Submanifold

**Sogan** · December 27th 2010, 03:15 PM

Hello,

I have a exercise, but the exercise isn't written very well. Do you understand, what the statement should be?:

"M is a smooth submanifold of N iff every point $p \in M$ has an open nbh $U_p \subset N$ , s.t. $U_p \cap M$ is a smooth submanifold of U".

It doesn't make sense to me, because p is a point in M and U_p a subset in N. And what about the set U?

Our definition of a submanifold: M is a submanifold of N if there exist a smooth embedding and immersion f:M-> N

thank you

**HallsofIvy** · December 28th 2010, 02:47 AM

The last part of the statement should be "is a smooth submanifold of N", not "U".

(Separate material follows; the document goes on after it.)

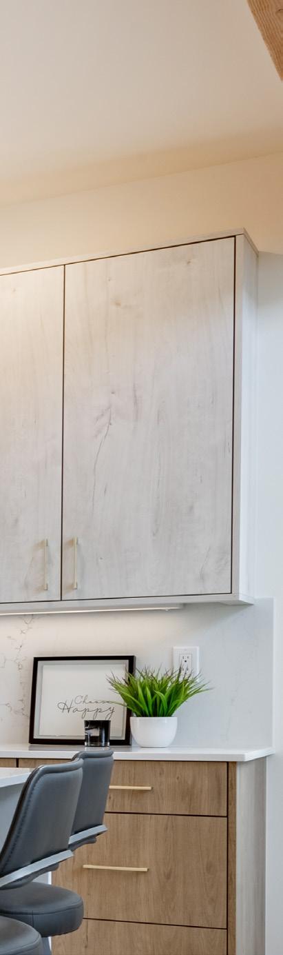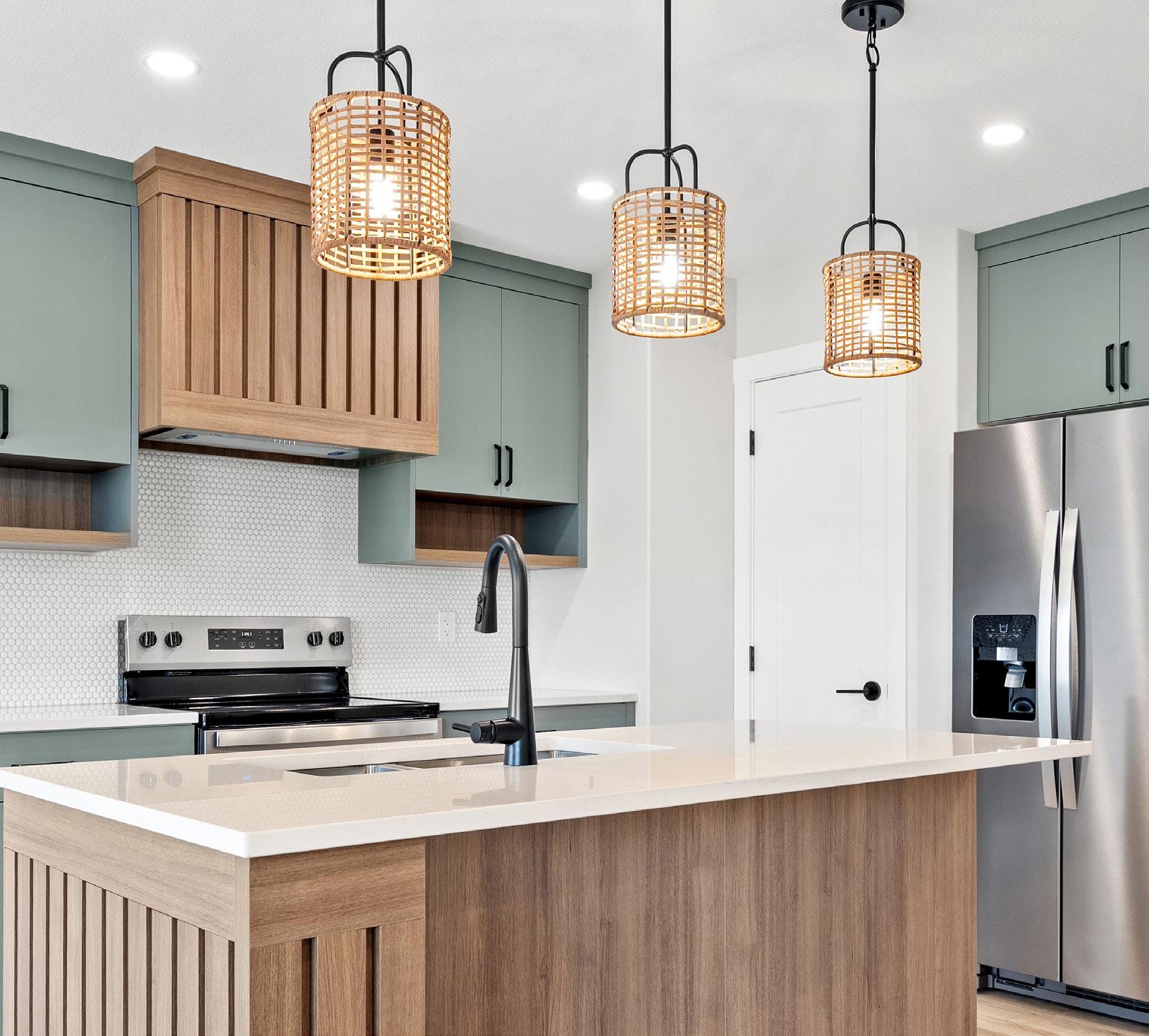 Decorative lighting continues to gain attention, with sculptural pendants, streamlined chandeliers, and integrated LED features adding personality without overwhelming a space. Subtle details such as undercabinet lighting provide function and a refined finish. Outdoors, wellplanned landscape and architectural lighting enhances curb appeal, improves safety, and extends the use of patios and walkways after dark.

**Sogan** · December 28th 2010, 05:30 AM

Ok. Thank you. But what about the set $U_p$ ? M isn't a subset of N.
Does he identify the set M with f(M), i.e. $U_p \cap M= U_p \cap f(M)$ ?

Regards

**DrSteve** · December 28th 2010, 07:25 AM

It would seem to me that the author is making the identification you suggest (or the author simply made a typo and meant to write f(M) ).

**Sogan** · January 2nd 2011, 07:59 AM

Hello,

In my notes i have read, that:

Let f:M->N is an injective immersion

Then f is a topological embedding <=> f is a local topological embedding, i.e. for each $p \in M$ there is a nbh. $U_p$ s.t. $U_p$ is homöomorph to f(U_p).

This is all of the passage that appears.